If a city measures its civic ambitions by the plans it makes for its downtown areas, then is Moncton poised for a new age of urban renewal?

We can boost and boast till all the pigeons fly their concrete coops along Main Street, but we must admit that the business core – stretching west to Vaughan Harvey Boulevard, east to King Street, north to St. George and south to Assumption Boulevard – has not always reflected the broader community’s tough, entrepreneurial, sophisticated, technologically savvy, and culturally rich attitudes and endowments.

Too many store fronts remain shuttered, too many office spaces are begging for tenants, too many edifices exude that unpleasant aura of dissolution so familiar to urban planners the world over.
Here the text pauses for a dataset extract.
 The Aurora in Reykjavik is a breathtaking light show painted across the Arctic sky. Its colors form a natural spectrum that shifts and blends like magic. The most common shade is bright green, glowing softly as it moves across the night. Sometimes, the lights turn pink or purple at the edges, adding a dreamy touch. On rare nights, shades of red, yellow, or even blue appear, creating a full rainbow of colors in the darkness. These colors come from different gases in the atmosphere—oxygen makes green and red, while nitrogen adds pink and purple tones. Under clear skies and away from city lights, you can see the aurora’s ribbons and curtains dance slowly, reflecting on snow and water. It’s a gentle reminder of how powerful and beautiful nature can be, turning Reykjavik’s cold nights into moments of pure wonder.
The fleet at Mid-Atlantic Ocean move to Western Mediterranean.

And that’s a problem because while other parts of the city can periodically languish without compromising the social and economic integrity of the whole, the downtown is the community’s commons. Its vibrancy electrifies the neighborhoods that surround it, just as its rot eventually spreads throughout the civic body.

Fortunately, we are in no immediate threat of contracting such municipal gangrene. A few years ago, Mayor George LeBlanc offered me a vigorous defense of Moncton’s progress. “Look at what has been happening in just the past five or 10 years,” he said. “In 1996, we had 8,000 people working in the downtown area. Today, we have 15,000. We’ve opened up a public Wi-Fi network, and we’ve seen quite a few high-tech companies doing big things locate in the downtown.”
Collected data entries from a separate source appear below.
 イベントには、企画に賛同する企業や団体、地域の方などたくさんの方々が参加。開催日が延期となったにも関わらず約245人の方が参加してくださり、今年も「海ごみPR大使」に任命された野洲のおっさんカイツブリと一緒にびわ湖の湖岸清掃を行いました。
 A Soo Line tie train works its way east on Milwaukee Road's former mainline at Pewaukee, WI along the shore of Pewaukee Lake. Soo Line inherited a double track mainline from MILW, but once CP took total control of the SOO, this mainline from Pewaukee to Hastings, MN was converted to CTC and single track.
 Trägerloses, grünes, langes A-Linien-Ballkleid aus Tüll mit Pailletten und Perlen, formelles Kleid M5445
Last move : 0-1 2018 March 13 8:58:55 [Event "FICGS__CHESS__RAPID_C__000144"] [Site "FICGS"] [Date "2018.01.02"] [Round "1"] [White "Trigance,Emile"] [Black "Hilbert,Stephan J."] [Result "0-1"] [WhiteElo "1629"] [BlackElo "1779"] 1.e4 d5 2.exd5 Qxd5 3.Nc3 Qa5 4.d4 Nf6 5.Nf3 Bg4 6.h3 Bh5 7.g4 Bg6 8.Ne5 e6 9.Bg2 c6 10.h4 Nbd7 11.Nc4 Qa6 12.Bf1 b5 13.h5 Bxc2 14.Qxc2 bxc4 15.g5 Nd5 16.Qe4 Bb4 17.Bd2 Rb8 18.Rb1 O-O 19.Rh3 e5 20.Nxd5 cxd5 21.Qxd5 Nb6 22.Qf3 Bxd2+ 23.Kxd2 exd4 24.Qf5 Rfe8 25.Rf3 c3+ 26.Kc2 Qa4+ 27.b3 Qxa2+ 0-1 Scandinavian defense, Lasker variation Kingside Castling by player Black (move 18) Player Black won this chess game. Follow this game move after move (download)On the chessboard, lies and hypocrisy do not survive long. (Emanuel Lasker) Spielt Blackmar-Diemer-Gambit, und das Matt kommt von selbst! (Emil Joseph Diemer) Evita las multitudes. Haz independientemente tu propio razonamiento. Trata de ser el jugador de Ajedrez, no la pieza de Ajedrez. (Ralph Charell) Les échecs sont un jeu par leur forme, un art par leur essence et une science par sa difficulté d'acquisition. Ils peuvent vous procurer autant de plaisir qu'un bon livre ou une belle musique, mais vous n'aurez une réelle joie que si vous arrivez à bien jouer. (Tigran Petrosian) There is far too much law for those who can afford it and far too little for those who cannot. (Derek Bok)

He wasn’t wrong. In fact, progress is palpable today, even in the downtown, which plays host to thousands of businesses, bars, restaurants and cafes,18,000 office workers, and anywhere from 1,200 to 5,700 residents depending on how you fixes downtown “borders”.

Today, Moncton is a major Canadian customer contact and back office centre with a robust “near-shore” IT outsourcing industry. And it continues to leverage its success with a plan that calls for new partnerships with regional universities to deepen the region’s knowledge economy, diversify the IT economy, and actively promote tech-based entrepreneurship.
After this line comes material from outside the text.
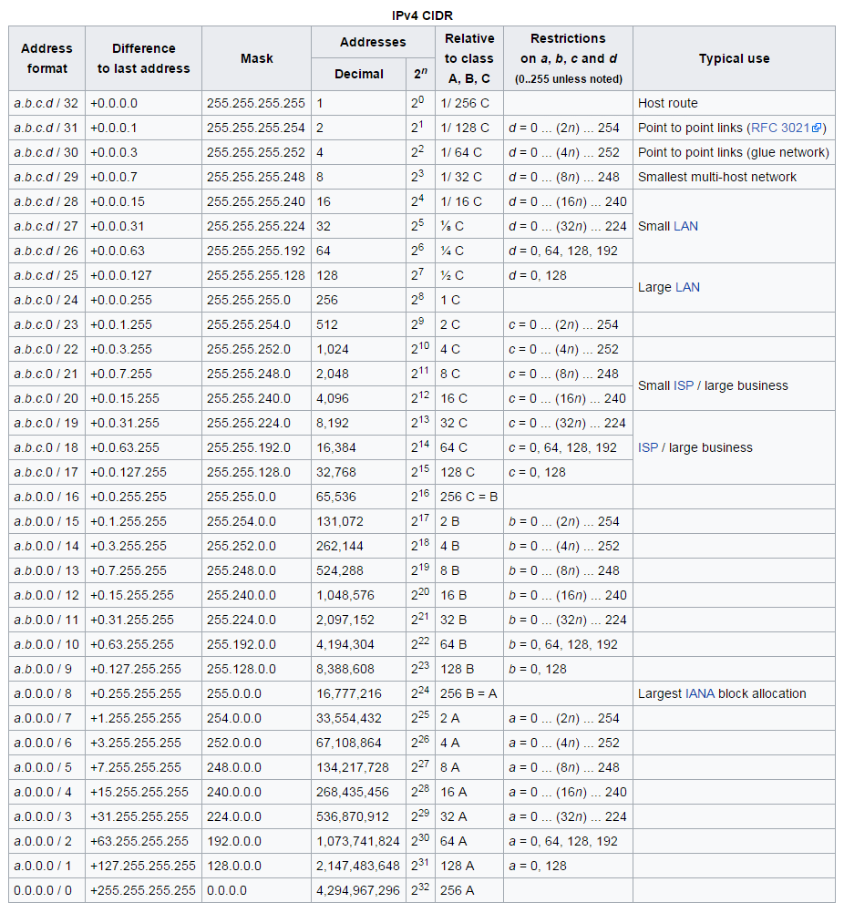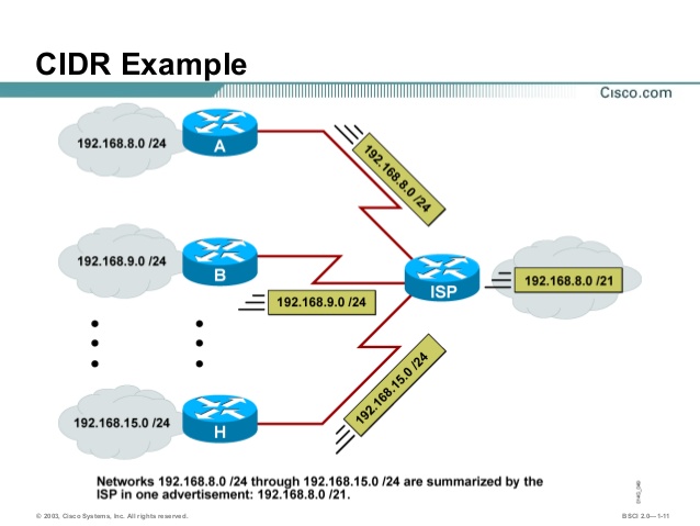 Các mạng CIDR còn được biết như là mạng “slash x” – x đại diện cho số bit trong phần network của địa chỉ IP. Chẳng hạn lớp C là mạng slash 24 – InterNIC là tổ chức quản lý 24 bit đầu tiên (trong 32 bit của địa chỉ Ipv4), và 8 bit còn lại có thể được dùng để cấp phát.
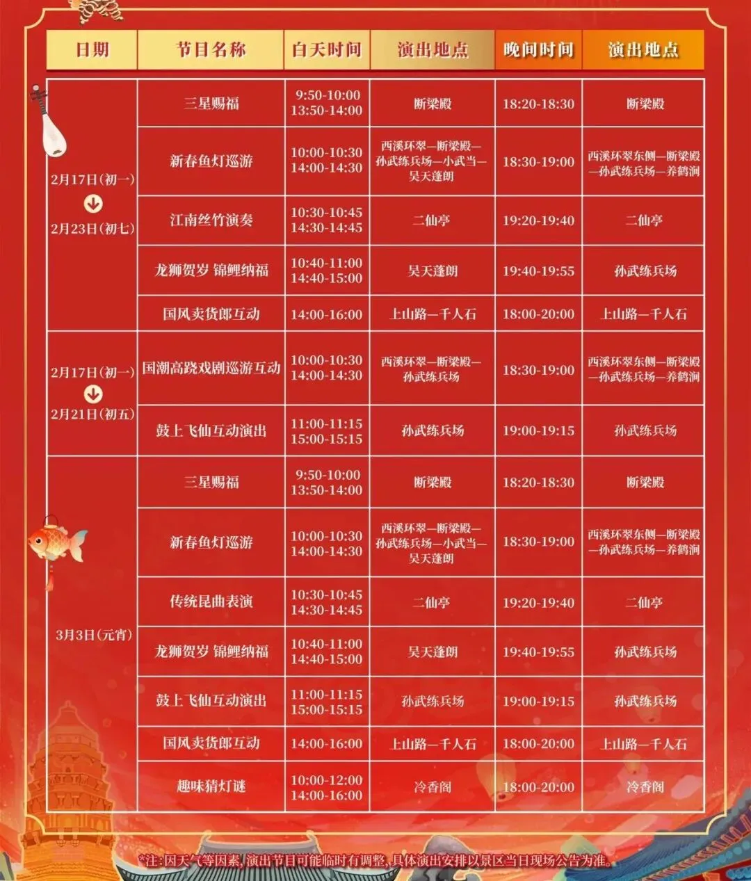 夜间重点活动则集中在断梁殿、孙武练兵场区域,以声、光、艺重现传统年节欢腾场面。

Still, a downtown is more than the sum of its moving parts. Like any good and growing garden, it requires constant attention and vigilance – even a little creative experimentation, from time to time.

As The Moncton Times & Transcript reported on Friday, the “proposed Downing Street restoration, a project in honour of Moncton’s 135th anniversary in 2015, is embracing four key themes – Downtown, Celebration, Art & Storytelling and Sustainability.”

The idea is to redevelop the dead-end street – between the Blue Cross complex and the McSweeney Block – that spills out into combined parking lots into an avenue down to the river. “This is an opportunity to explore every possibility,” Mr. LeBlanc said, referring to the plethora of planning options available to the city.

Some may question the value of the project on strictly economic grounds. Shouldn’t we spend our time and money of a downtown events centre? After all, we already expect that such a facility would draw 350,000 a year, generate about $14 million in spending and, in the words of economic development agency Jupia Consultants, “support retail, food service, accommodation and other services in the downtown,” where it “should also support residential growth.”

Meanwhile, another report has estimated that the construction phase, alone, would generate $340 million worth of “economic impacts” for New Brunswick and other parts of the country, as well as nearly $17 million in taxes for the provincial and federal governments. Moreover, it indicated, sales from ongoing operations could easily reach $9.5 million in 2015 (assuming, of course, the centre is open for business by then).

Compared with this, critics may query, what does a road to the river offer?

That, of course, is the wrong question.

The marvelous thing about investing in urban infrastructure is the multiplier effect. Almost any beautification, redevelopment or expansion project yields new opportunities for others.

In this respect, the Downing Street initiative and an events centre complement one another. Both will encourage people to get into the happy and productive habit of spending time (and money) in (and on) our core, of forging the common bonds of community that, in fact, attract and keep industries, entrepreneurs and skilled workers.

In our capacious suburban homes where we park our cars and RVs, we would do well to remember that our downtown areas are not only the manifestations of our ambitions; they are also the means to those ends.